Just recently I have noticed yet another link back to the bad behavior of the giants: new nonprofits that were founded only to win charity funding. The founders have absolutely no interest in the causes they supposedly support. They only want access to the flood of funding pouring into charity efforts. I used to dismiss such organizations as scams. Alas, I’m finding there’s often more to the story. The founders may have originally had good intentions, but the deluge of charity grandstanding pulled them away from creating a healthy organization that would have stood on its own merits. Instead they fabricated it into a fantasy form built on the vapors of charity funding promises. I’ve encountered such organizations in both the developed and developing parts of our world. Any organization that sets aside its original purpose in order to go after funding is guilty.
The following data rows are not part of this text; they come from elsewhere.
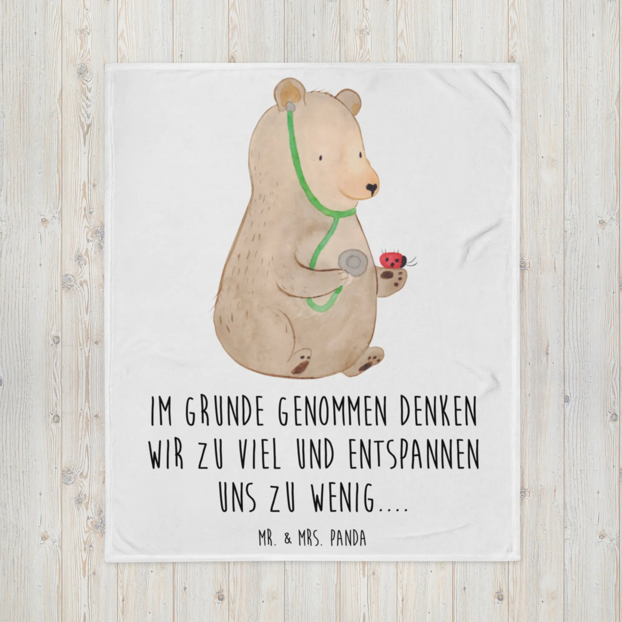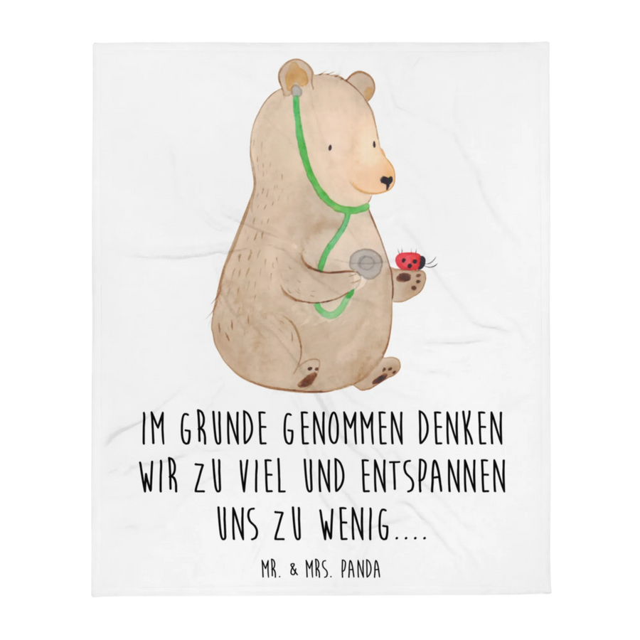 Kuscheldecke Bär Arzt - mit Spruch - Weiß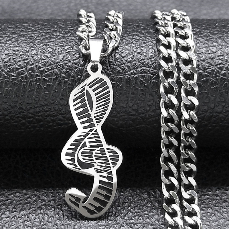 2023電子ピアノの音符のペンダントのネックレスの女性のピアノの鍵のステンレスのゴシックのネックレスの音楽の記号の装飾品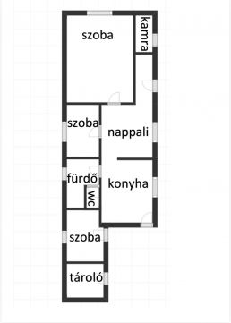 Helyiségek: 2 szoba, nappali, konyha, gardrób, előszoba, fürdőszoba, külön WC, valamint külön bejárattal egy szoba saját WC-vel + tároló.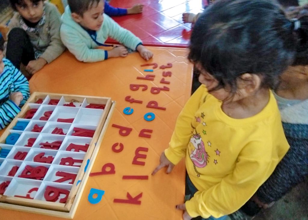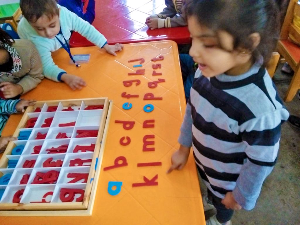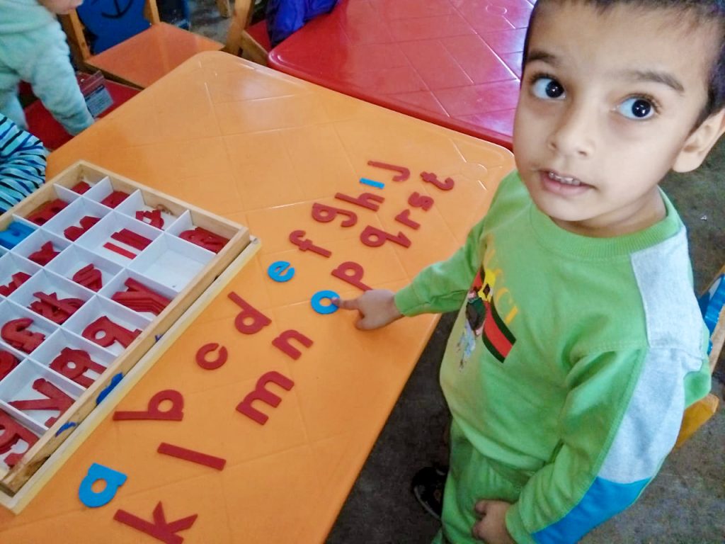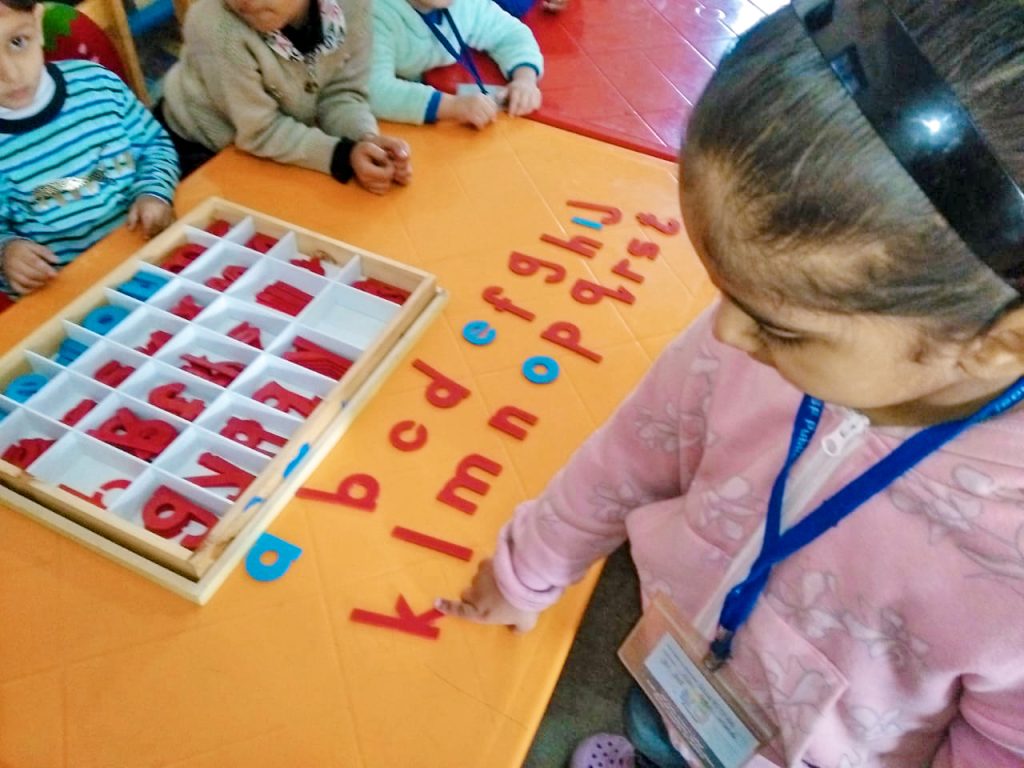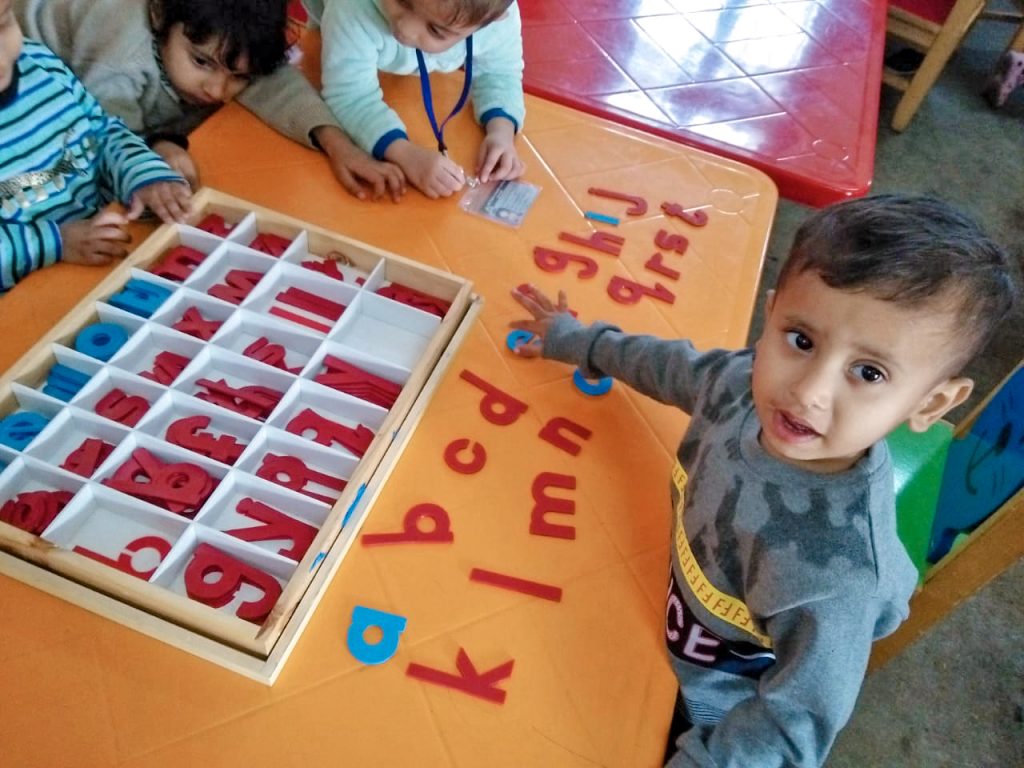 The Students of Pre-School performed their montessori based activity i.e “Sand paper activity” for learning Numbers.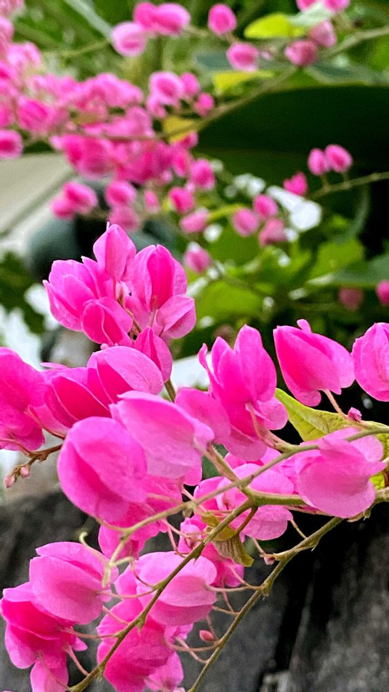 鮮やかなピンク色の花は1つの花序に10輪以上付き連なる様に咲いていて…簾のように垂れ下がっている花やネックレスの様に輪になって咲いていたりと様々ですね💕🌿🩷🌿🩷🌿🩷🌿小さな花ですが…その花姿は鮮やかでとても綺麗です🌿🩷🌿🩷🌿🩷🌿✨😍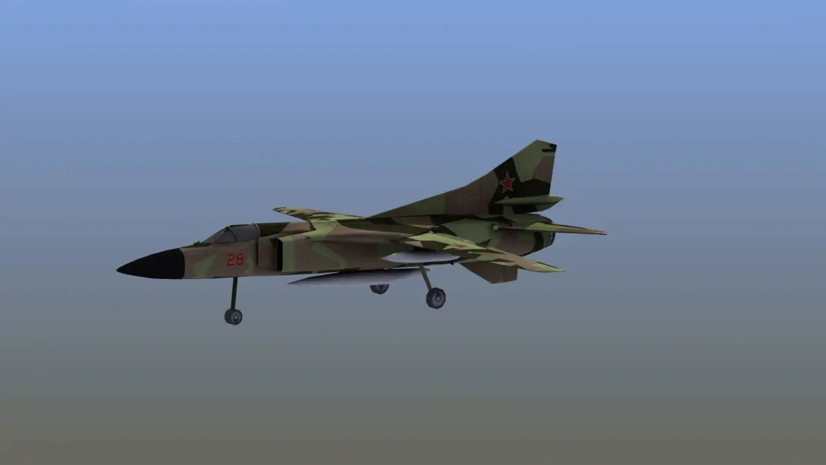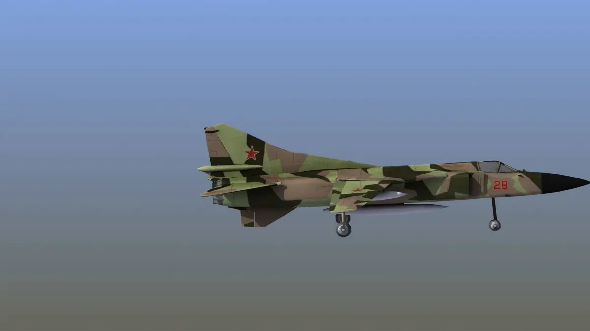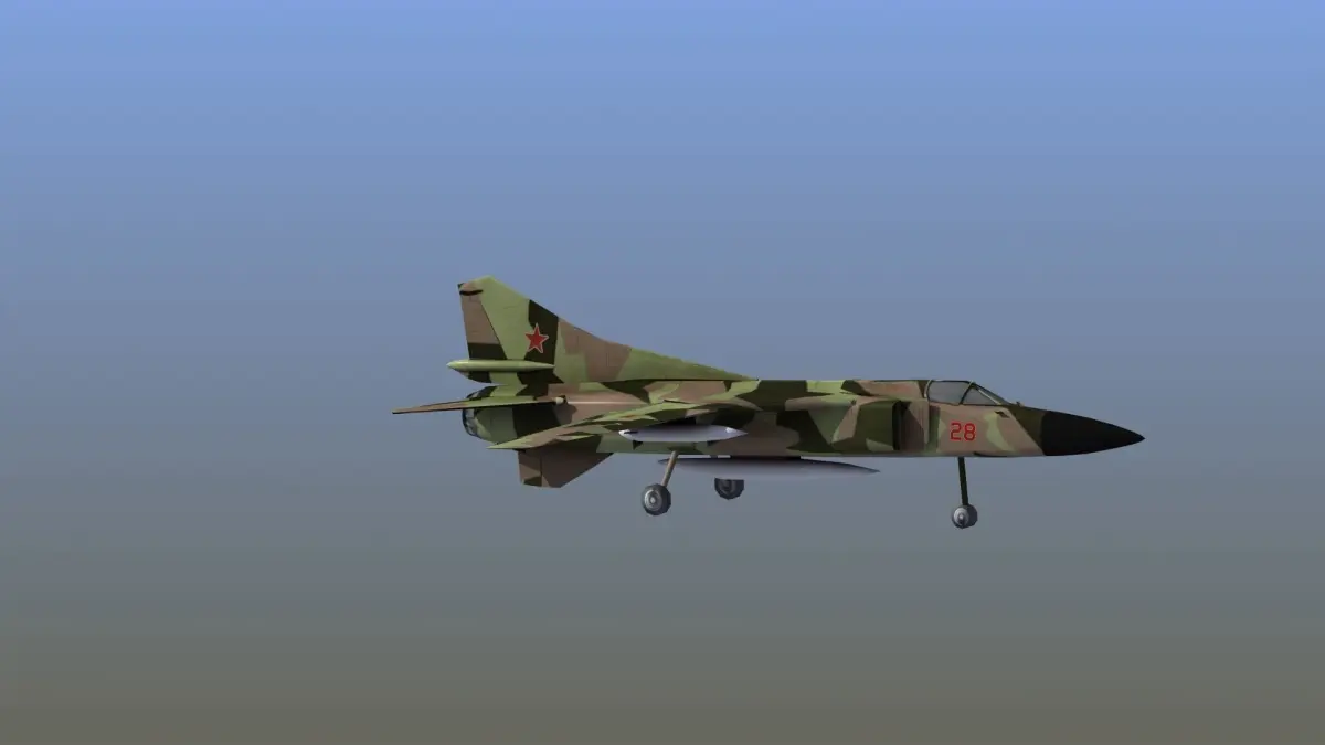 Mig-23 Flogger military jet. Great multipurpose 3D model - ideal for offline rendering or real time uses such as games or simulation. Landing gea included.

This past month I read two books that confirmed my suspicions, but have only heightened my concern. If you have ever questioned a charity effort and want to learn some very disturbing details, first read Dead Aid. The author, Dambisa Moyo, is a highly educated economist from Zambia. She reveals the dysfunction of international aid programs and does so in a professional, objective manner. You will be disturbed enough. If you are still hungering for more gory details, move on to The Crisis Caravan by Linda Polman. She is a journalist from the Netherlands who lays out countless abominations caused by charity nonprofits. Can you imagine warring factions amputating the limbs of their civilians in order to attract charity funding? This and many other horrific images will snap into focus if you read her book.

Neither of these books offers realistic solutions. At least Dead Aid includes suggestions for high-level adjustments within world economies. But there is no mention in either book about what to do with all of this out-of-control charity mayhem. Now I know without a doubt that charity does cause enormous harm. Yet its source is that simple charity seed that lies in all of our hearts, so I’m not convinced that charity itself is a bad thing.

Unfortunately we also have brains that lead us into supposedly logical behaviors. Sure we were founded to make our city bikeable, but look at all the health funding we could get if we promise to open a clinic instead. Of course we should all stampede to the sight of a natural disaster and then fight over funding. So what if warlords steal charity funding or use it as a game piece against their opponent. If we can feed just one person, all of this will be worth it. Or perhaps our brains aren’t working hard enough...

The next piece of this puzzle I’ll be pondering is how to shift all this misused energy back onto a path that aligns with our charitable intentions: to help our neighbor without causing harm to others. I hope that One Street can escort a few misguided bicycle organizations back onto such a path and in so doing we’ll discover effective steps that may be replicable elsewhere. If many more people do the same, we might just redirect this charity stampede back into a beneficial direction.